GOAL OF THE EXERCISE: After locating the line with "Le document explore" below, output it and each following line exactly, stopping after the line with "La mediana de". No pictures.

DATA TO EXAMINE:
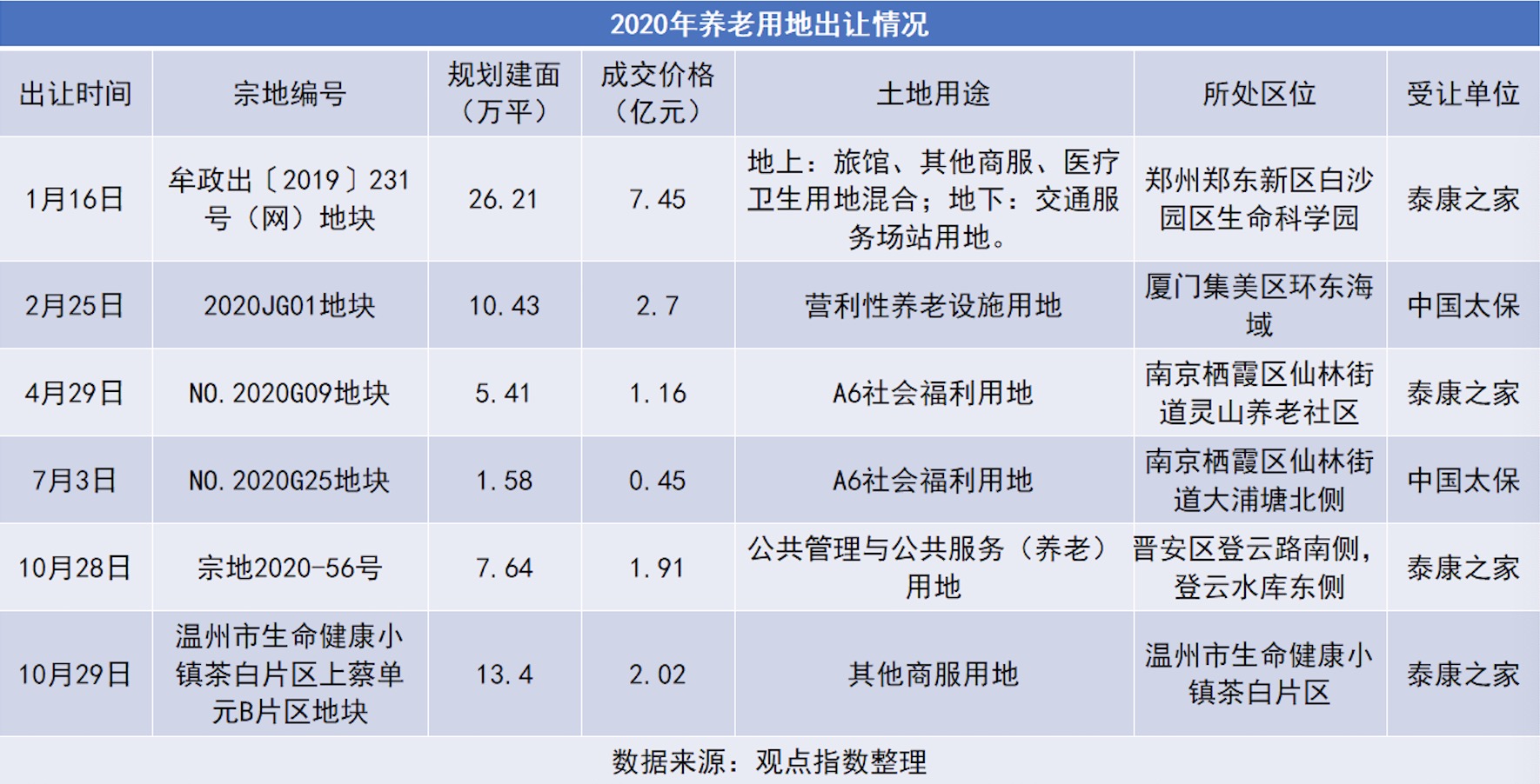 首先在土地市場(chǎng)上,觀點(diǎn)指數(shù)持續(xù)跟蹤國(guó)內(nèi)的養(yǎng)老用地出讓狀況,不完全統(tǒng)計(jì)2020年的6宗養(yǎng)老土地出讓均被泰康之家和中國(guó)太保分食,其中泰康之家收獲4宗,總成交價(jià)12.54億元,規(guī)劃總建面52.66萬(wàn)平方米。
---
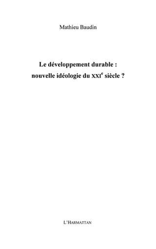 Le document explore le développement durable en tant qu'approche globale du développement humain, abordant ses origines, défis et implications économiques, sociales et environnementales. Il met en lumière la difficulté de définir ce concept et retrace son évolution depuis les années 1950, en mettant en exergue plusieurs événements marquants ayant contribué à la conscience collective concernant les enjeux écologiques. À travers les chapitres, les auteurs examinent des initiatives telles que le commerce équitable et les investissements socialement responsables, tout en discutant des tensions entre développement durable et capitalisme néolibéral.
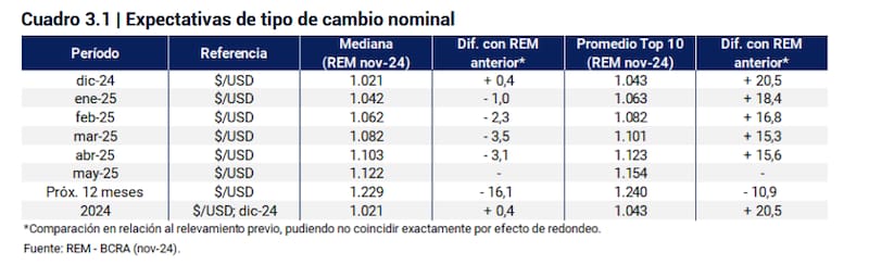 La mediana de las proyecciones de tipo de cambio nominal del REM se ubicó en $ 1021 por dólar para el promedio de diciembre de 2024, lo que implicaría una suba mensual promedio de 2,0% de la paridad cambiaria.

TASK OUTPUT:
 Le document explore le développement durable en tant qu'approche globale du développement humain, abordant ses origines, défis et implications économiques, sociales et environnementales. Il met en lumière la difficulté de définir ce concept et retrace son évolution depuis les années 1950, en mettant en exergue plusieurs événements marquants ayant contribué à la conscience collective concernant les enjeux écologiques. À travers les chapitres, les auteurs examinent des initiatives telles que le commerce équitable et les investissements socialement responsables, tout en discutant des tensions entre développement durable et capitalisme néolibéral.
 La mediana de las proyecciones de tipo de cambio nominal del REM se ubicó en $ 1021 por dólar para el promedio de diciembre de 2024, lo que implicaría una suba mensual promedio de 2,0% de la paridad cambiaria.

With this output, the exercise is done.